YOUR ASSIGNMENT:
Set down all of the data that follows word for word, without the images.

SUPPLIED INFORMATION:
* * *

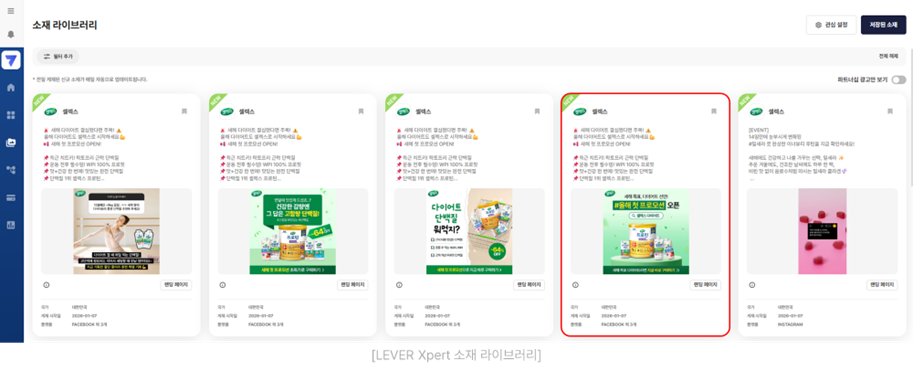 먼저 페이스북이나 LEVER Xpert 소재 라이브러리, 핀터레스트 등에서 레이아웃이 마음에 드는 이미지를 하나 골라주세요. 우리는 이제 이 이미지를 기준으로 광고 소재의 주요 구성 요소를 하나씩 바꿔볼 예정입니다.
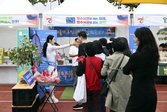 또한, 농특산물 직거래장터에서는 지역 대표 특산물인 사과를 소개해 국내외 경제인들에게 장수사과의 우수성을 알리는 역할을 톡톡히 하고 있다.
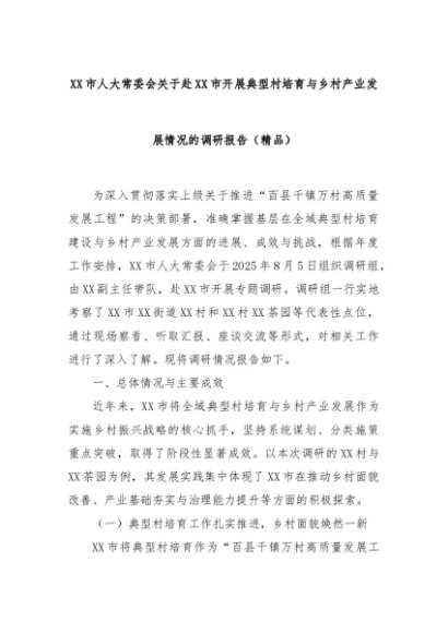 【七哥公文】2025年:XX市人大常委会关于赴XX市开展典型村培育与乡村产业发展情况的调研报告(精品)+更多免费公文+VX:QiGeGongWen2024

* * *

RESPONSE BOX:
 먼저 페이스북이나 LEVER Xpert 소재 라이브러리, 핀터레스트 등에서 레이아웃이 마음에 드는 이미지를 하나 골라주세요. 우리는 이제 이 이미지를 기준으로 광고 소재의 주요 구성 요소를 하나씩 바꿔볼 예정입니다.
 또한, 농특산물 직거래장터에서는 지역 대표 특산물인 사과를 소개해 국내외 경제인들에게 장수사과의 우수성을 알리는 역할을 톡톡히 하고 있다.
 【七哥公文】2025年:XX市人大常委会关于赴XX市开展典型村培育与乡村产业发展情况的调研报告(精品)+更多免费公文+VX:QiGeGongWen2024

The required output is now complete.